## Problem to solve
Copy exactly the lines of the data below, beginning with the line with "Our blazers are" and ending with the line with "Нож обвалочный прямой". Pictures are to be omitted.

[Excerpted data]

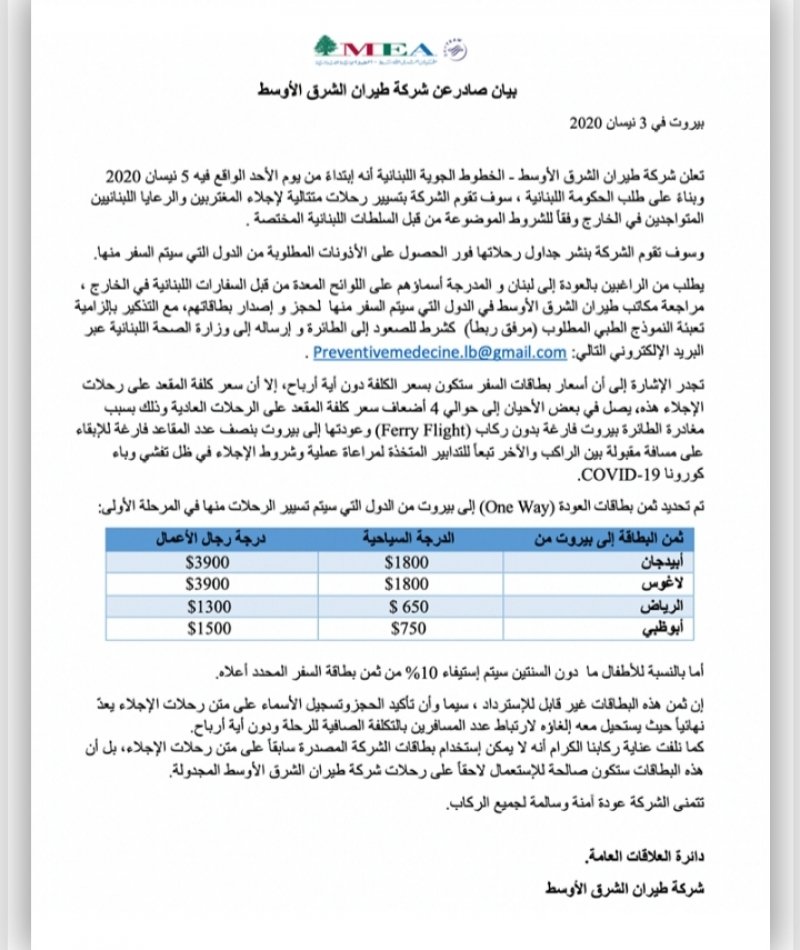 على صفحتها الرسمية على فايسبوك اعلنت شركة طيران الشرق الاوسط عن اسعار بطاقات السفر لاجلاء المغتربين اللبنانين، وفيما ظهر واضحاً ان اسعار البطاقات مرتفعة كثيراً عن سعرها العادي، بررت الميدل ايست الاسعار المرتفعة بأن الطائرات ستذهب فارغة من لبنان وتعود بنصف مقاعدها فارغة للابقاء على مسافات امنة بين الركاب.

[/Excerpted data]
[Excerpted data]

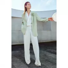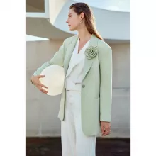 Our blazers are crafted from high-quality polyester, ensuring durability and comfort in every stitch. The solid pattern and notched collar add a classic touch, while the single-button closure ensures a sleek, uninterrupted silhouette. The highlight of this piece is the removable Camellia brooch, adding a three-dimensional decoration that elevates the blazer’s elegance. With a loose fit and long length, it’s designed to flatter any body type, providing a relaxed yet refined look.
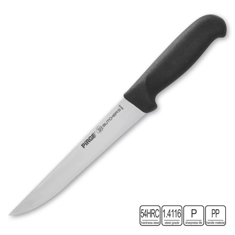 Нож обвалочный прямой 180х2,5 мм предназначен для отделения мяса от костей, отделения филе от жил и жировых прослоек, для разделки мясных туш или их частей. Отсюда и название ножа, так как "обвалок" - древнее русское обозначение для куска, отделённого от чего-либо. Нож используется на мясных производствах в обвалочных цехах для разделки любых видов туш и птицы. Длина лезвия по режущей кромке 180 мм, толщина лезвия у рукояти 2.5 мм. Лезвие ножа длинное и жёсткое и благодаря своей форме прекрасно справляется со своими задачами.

[/Excerpted data]

## Output below
 Our blazers are crafted from high-quality polyester, ensuring durability and comfort in every stitch. The solid pattern and notched collar add a classic touch, while the single-button closure ensures a sleek, uninterrupted silhouette. The highlight of this piece is the removable Camellia brooch, adding a three-dimensional decoration that elevates the blazer’s elegance. With a loose fit and long length, it’s designed to flatter any body type, providing a relaxed yet refined look.
 Нож обвалочный прямой 180х2,5 мм предназначен для отделения мяса от костей, отделения филе от жил и жировых прослоек, для разделки мясных туш или их частей. Отсюда и название ножа, так как "обвалок" - древнее русское обозначение для куска, отделённого от чего-либо. Нож используется на мясных производствах в обвалочных цехах для разделки любых видов туш и птицы. Длина лезвия по режущей кромке 180 мм, толщина лезвия у рукояти 2.5 мм. Лезвие ножа длинное и жёсткое и благодаря своей форме прекрасно справляется со своими задачами.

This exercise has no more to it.